Plastic-eating is the latest identified skill of a high-tech bacteria mixture. The concoction reportedly gobbles up plastics—and may soon be ready to take on other toxic materials. Get ready for the bacteria that ate the milk jug.
Humans generate more than 300 million tons of plastic waste every year. But only a fraction of the synthetic bottles, bags, and containers get recycled.
Hungary-based biotech company Poliloop seeks to provide an answer to the global plastics pollution problem. The company’s solution involves mimicking creation. When an organism dies, God-made bacteria and fungi begin breaking it down, or decomposing it. Wood, plant matter, carcasses—the decomp process can be messy.

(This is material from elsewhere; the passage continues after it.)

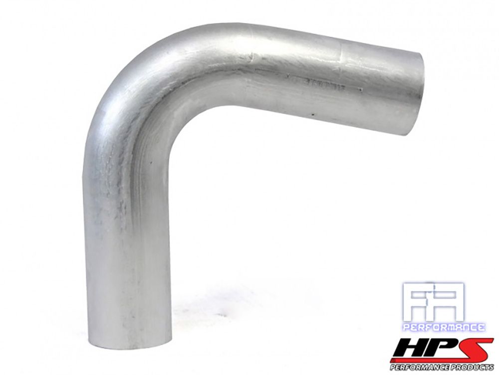 HPS 3" 110 Degree Bend 6061 Aluminum Tubing 16 Gauge with 6" Leg Length and 3" Center Line of Radius is ideal for intake, cooling systems and turbo intercooler piping setup because 6061 aluminum is the most popular and versatile alloy, and is the least expensive of the heat treatable aluminum alloys. HPS 3" (76mm) 110 Degree Bend aluminum round tubing is sold in the T6 condition, ideal for sawing, machining, sanding, and polishing. The 110 Degree Bend aluminum tubing elbow can be polished, but due to the softness of the aluminum, care must be taken not to remove too much material, especially in the area near any welds. All aluminum tubing sold by HPS are made in the USA.
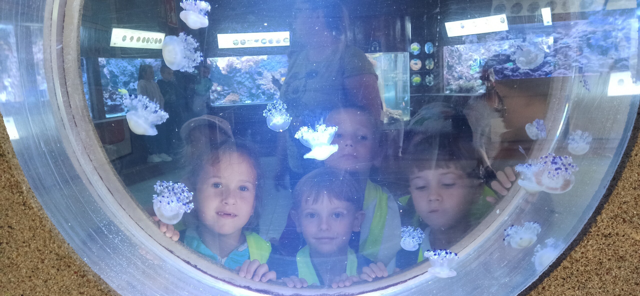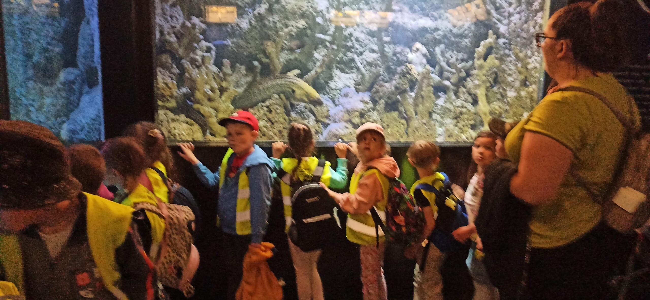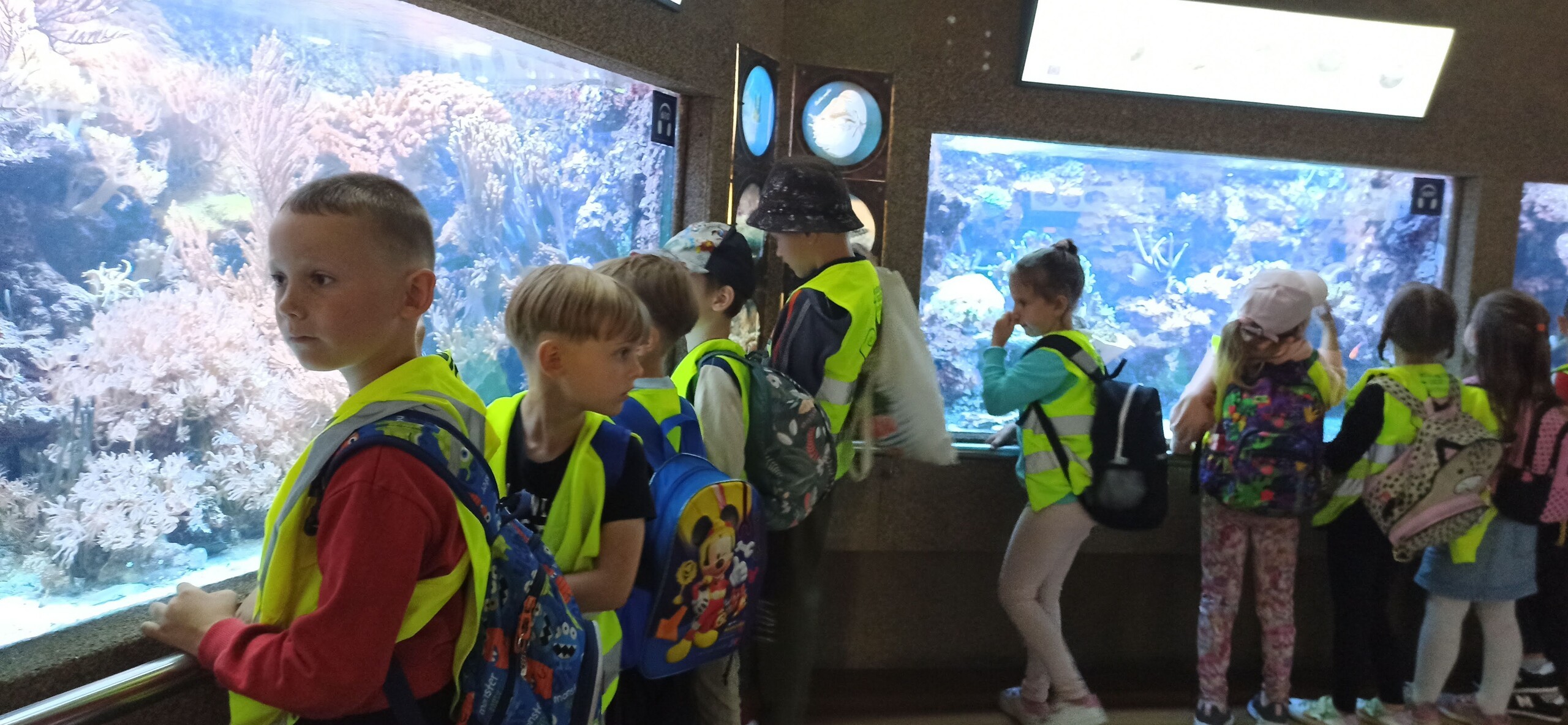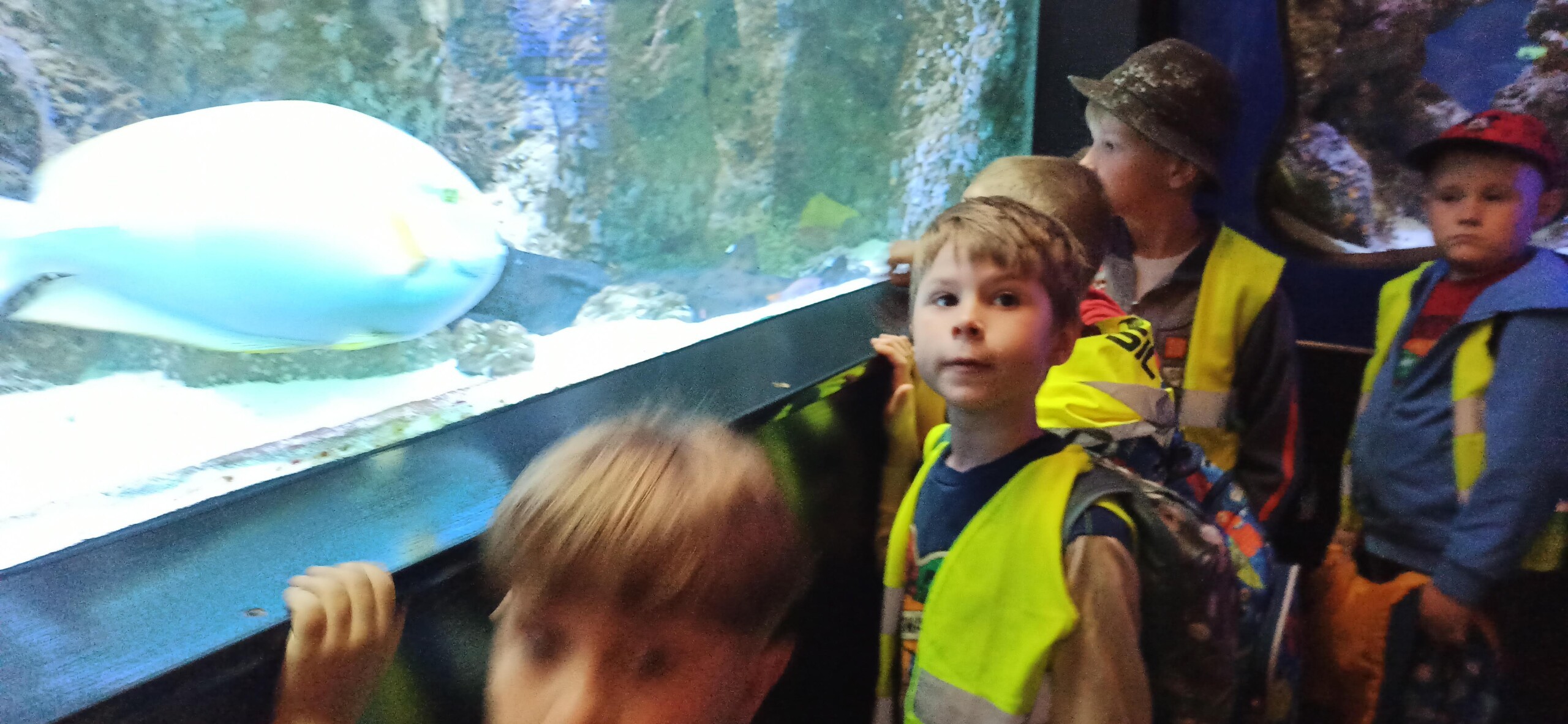 Wybraliśmy się do Akwarium Gdyńskiego. Oglądaliśmy różne gatunki ryb i zwierząt wodnych, od tych mieszkających w naszych stawach i jeziorach, do tych bardzo egzotycznych. Dzieci zachwycały się rekinami, płaszczkami, błazenkami, murenami, węgorzem elektrycznym, anakondą i wieloma innymi. Uczestniczyliśmy też w zajęciach edukacyjnych o mieszkańcach rafy koralowej. Na nabrzeżu mogliśmy obserwować cumowanie statku pirackiego oraz żaglowiec Dar Pomorza i okręt wojenny Błyskawica.

But death and decay aren’t the ultimate end of a living being. Decomposing matter aids farmers by nourishing soil, preserving tree health, feeding other animals, converting into fuel, and more. Science recognizes death is also a beginning. Christians recognize human death is the start of life eternal. (1 Corinthians 15:51-52)
Poliloop’s website says the company’s mission involves “using the once-polluting plastic waste as a carbon-rich food source” for bacteria. The bacteria eat the plastic and then produce “a valuable end-product” to “integrate into a global circular ecosystem.”
To get rid of plastic quick, Poliloop concocted a particular bacteria mixture. Biochemists Liz Madaras and Krisztina Lévay say the solution speeds up chemical reactions in the plastic material and consumes many forms of plastic. The noshing process happens quickly—usually in about seven weeks.
The bacteria “can actually bring plastics back into the natural life cycle to which they once belonged,” Madaras says.
Other scientists have already made a plastic-eating enzyme. It digests one common form of plastic packaging referred to by the acronym PET. But Poliloop’s so-called “cocktail” can decompose seven types of plastic. The enzyme’s decaying process converts plastic into fragments in two weeks. At the end of seven weeks, the plastic is nothing more than liquid “sludge.”
How remarkable of our Creator to foresee humans’ messes—and create bacteria that can even live off litter!
Early lab tests show the slop may be safe to use in soil. “If it works on a large scale, it can make a global impact because the problem with plastics up until now was that they lingered on in the environment forever,” Madaras says. “But once we can biodegrade them, . . . they become part of nature again.”
Poliloop plans to build a large plant. The plant will allow researchers to experiment to figure out whether their mixture can digest other pollutants.